Serotonin (Ser) and melatonin (Mel) are indoleamines which are synthesised in most life forms including prokaryotes such as bacteria, as well as fungi, nematodes, animals and plants; however, their presence in archaea remains to be studied [1]. They are well known neurotransmitters, which play vital roles, especially in animals, being associated with diverse physiological processes. In humans, Ser governs behavioural patterns, i.e., moods and appetite, and Mel regulates sleep, circadian rhythms, immunity enhancement and even aids in the reduction of oxidative stress in animals [2][3]. With the emergence of plant neurobiology as an exciting field of research, investigations pertaining to the precise roles of Ser and Mel in plants have received greater attention [4].

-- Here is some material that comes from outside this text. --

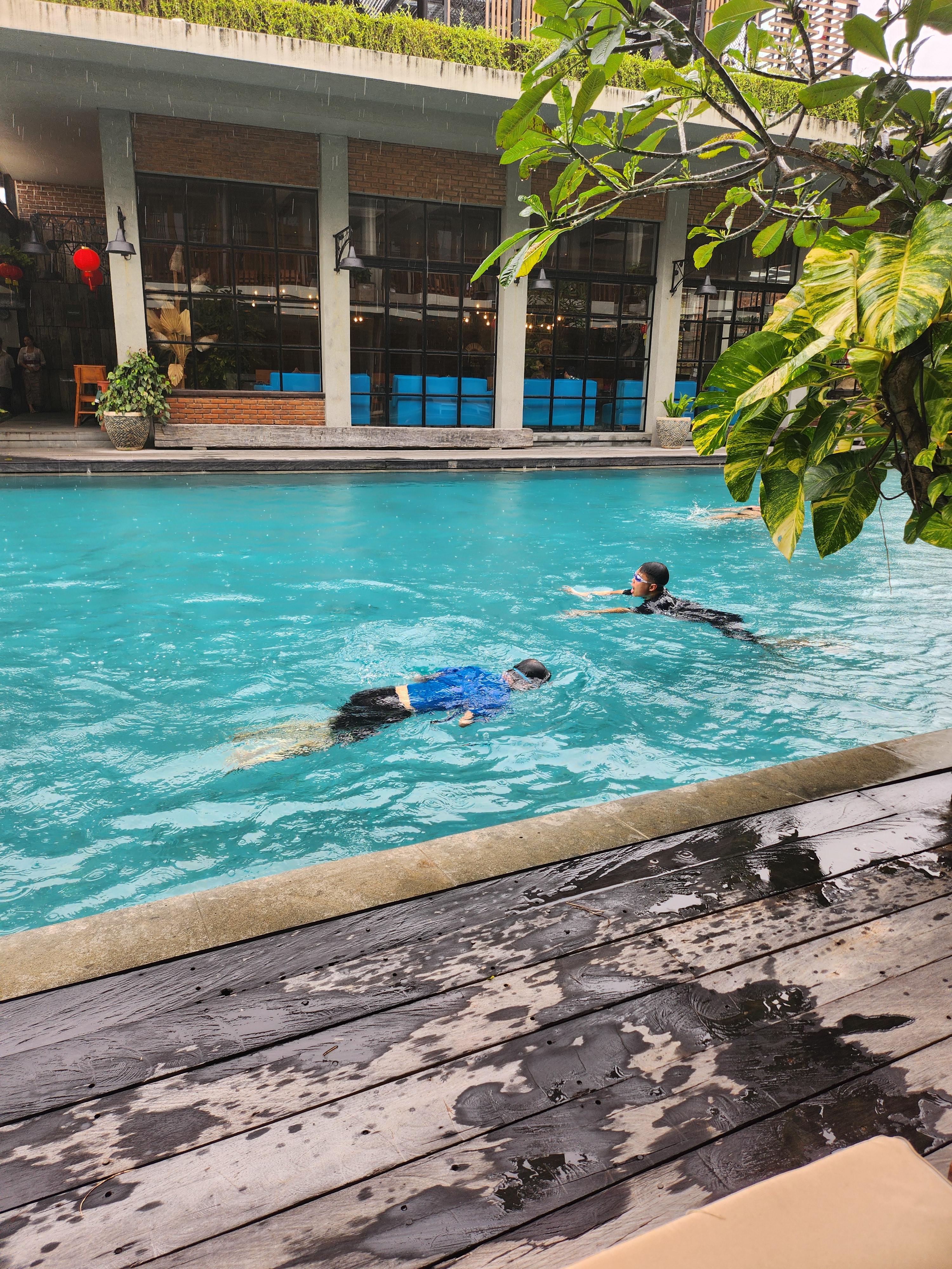 컨디션 좋은 재현아빠랑 주헌이는 아침먹고 우중 수영.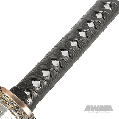 Made of Acrylonitrile butadiene styrene polymers. Approximately 20 oz. and 41.5 in. long. Intricate dragon etchings throughout the tsuba. Rubber grip to ensure safe practicing. All surfaces are electro plated for guaranteed satisfaction.

Tryptophan, an essential aromatic amino acid, primarily acts as the common substrate for biosynthesis of various plant indoleamines, namely, Ser, Mel and auxin [5][6][7]. Cells containing high tryptophan levels, generally, accumulate greater amounts of Ser and, subsequently, Mel [8]. According to the classical pathway, tryptophan decarboxylase (TDC) and tryptamine 5-hydroxylase (T5H) enzymes are required for the production of Ser, whereas serotonin N-acetyltransferase (SNAT) and acetyl serotonin methyltransferase (ASMT) enzymes are required for Mel production from Ser in plants (Figure 1). While TDC is the rate-limiting enzyme of Ser biosynthesis, both SNAT and ASMT regulate Mel synthesis under specific conditions and catalyse the dedicated steps in Mel biosynthesis [3][8]. The SNAT enzyme is regulated by feedback inhibition in rice [9] (Figure 1). In silico studies pertaining to the genes involved in Mel biosynthesis have led to the identification of 5 genes encoding for TDC proteins and 14 genes encoding for ASMT proteins in the tomato genome [10][11]. Furthermore, the existence of TDC in Citrus is also experimentally proven [12].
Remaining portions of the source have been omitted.